ТОП авторов и книг ИСКАТЬ КНИГУ В БИБЛИОТЕКЕ
– Я с вашей бабушкой, – и заржал.
Ланка издала какой-то жабий квак, а меня просто приморозило к лавке. Они тем временем сорвались со скамеечки и такими бесами рассыпались перед нашей старушкой, что я сразу поняла, что Марта уже все решила.
– Зачем они нам? – шипели мы на два голоса уже дома. Ланка бегала из угла в угол, прижимая ладони к пылающим щекам, ежеминутно угрожая:
– Я не полезу в сундук, я не полезу!!!
– Ты-то что надрываешься? – тоскливо взвывала я. – Мы же Маргошу сватаем, стало быть, мне первой сидеть! – И я как представила себе, как парни сначала будут дыркам фиги вертеть, а потом я вылезу оттуда как кикимор, – и взвыла уже в полный голос.
– Цыть!!! – пристукнула пальцем по столу Марта. – Кому вы нужны, пигалицы малолетние? Да и не с нами они поедут, а вокруг нас.
– Это как?! – прекратили визжать мы обе.
– Наперекосяк! – отрезала Марта. – Места там и впрямь для ведьм неспокойные, а вдруг погоня? Кто от ведьм ее в сторону отведет? А с гарнизонной солдатней на кулачках драться тоже вы будете?
Мы потрясенно замолчали, драться нам еще не приходилось, убегать убегали, но чтобы такие страсти…
– А может, ну его, Гречин этот? – опасливо протянула осторожная Ланка, но бабка прищурилась, и всякие возражения отпали сами собой.

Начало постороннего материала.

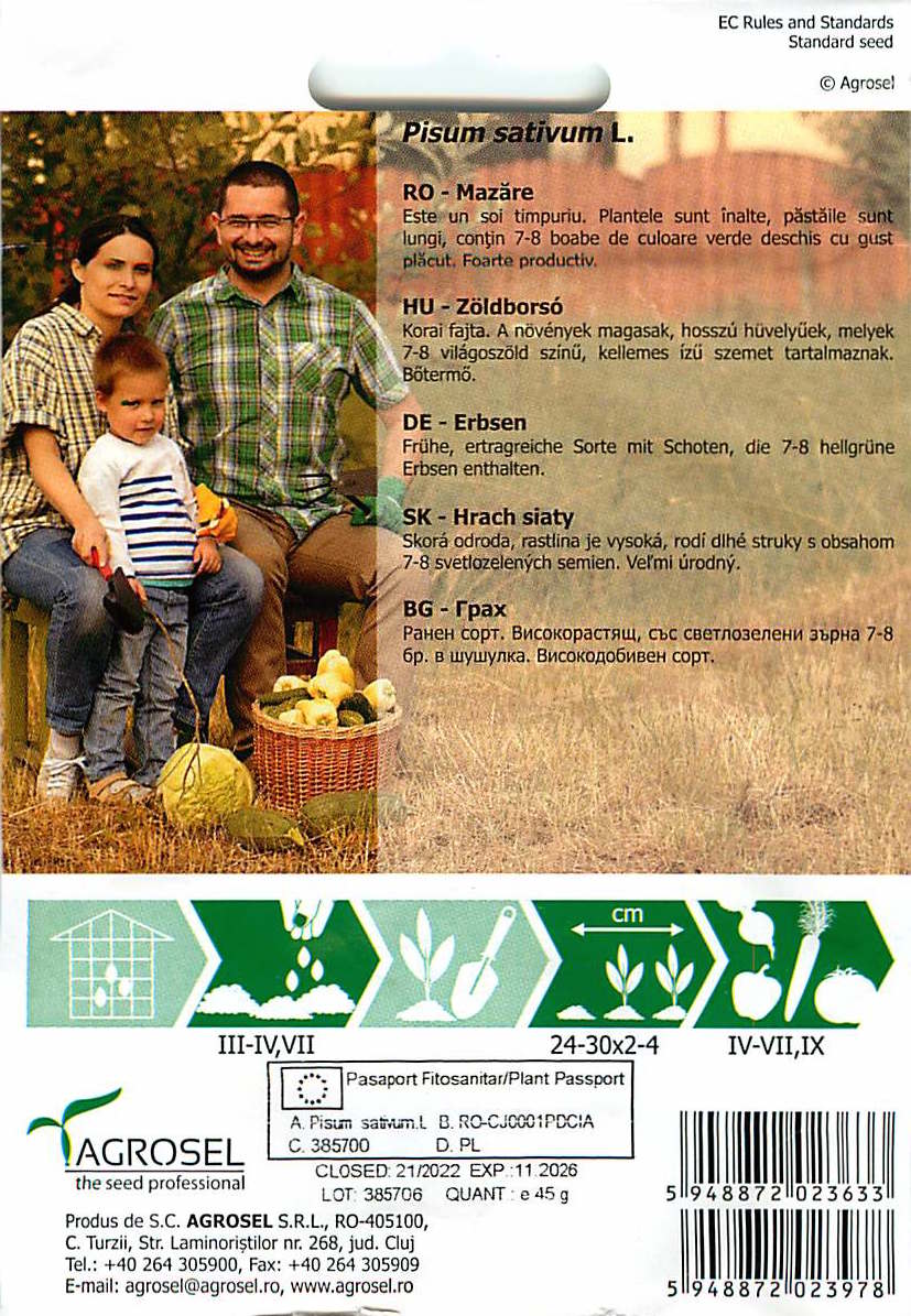 - Grote, grasgroene peulen met donkergroene, ronde erwten

Уж кто-кто, а мы знали, что проще каменного истукана переубедить, нежели нашу бабушку, если она что вобьет себе в голову.
– Гречин дак Гречин, – стряхнула я с подола невидимые пылинки.
– Тем более если они не с нами, – не очень убедительно, но жизнерадостно закивала головой Ланка.
– То-то! – ткнула в нас поочередно сухим пальчиком бабуля.
Серьга с Сашко радостно лопали дармовые пирожки, но стоило нам с Мартой показаться на пороге, как повскакивали, по-армейски браво выгнув грудь, а Сашко даже каблуками умудрился щелкнуть, рявкнув в гавкающей армейской манере:
– Здравия желаю, госпожа наиглавнейшая ведьма!
Ну ему-то можно было, все-таки всем бабке обязан. Но и Серьга хвост распетушил, подбоченился, откидывая полу синего с меховой оторочкой кафтана, чтобы лучше было видно шелковую рубаху в петухах и пояс, бисером шитый.
– Орлы! – насмешливо хекнула Марта. – Только в таком виде вы мне, красавчики не нужны, уж больно приметные. Вот это у тебя что? – И ткнула пальцем в левое ухо Серьги.
Тот расплылся в улыбке, потому что висела у него в ухе большущая золотая серьга в виде лодочки.
– Снять, – безапелляционно велела Марта. Я обрадовалась, видя, как тает его улыбочка. – Кафтан этот снимем, подберем тебе какую-нибудь дерюжину. И личико у тебя какое-то насметаненное, – продолжала бабка, – навозом его помажь, что ли, чтобы в глаза людям не кидаться. И с чубом надо что-то делать. Ты с ним на разбойника какого-то похож. А зачем нам ухарь лесной? Нам сиротинушка нужен, скромненький, всем милый, чтобы каждый над ним жалился, медячок на дорожку дал, плюшек там, чайку. – И, увидев, что лицо у Серьги вытянулось в два раза против ширины, ласково поинтересовалась: – А животом никто не мается, болезней неизлечимых не имеете? Люди калек убогих страсть как любят. В столице нищие сами себе руки рубят. – И, с интересом глянув на парней, попытавшихся втянуть руки в рукава, захохотала. – Да ладно вам, шутю я. – И тут же перешла на генеральский тон: – Но чтоб в дороге меня слушались, как и мамку родную не слушаетесь! – И так глянула, что я даже понадеялась, что парни останутся. Но те, к моей великой досаде, не сбежали, а так и стояли, как два мерина, кивая головами.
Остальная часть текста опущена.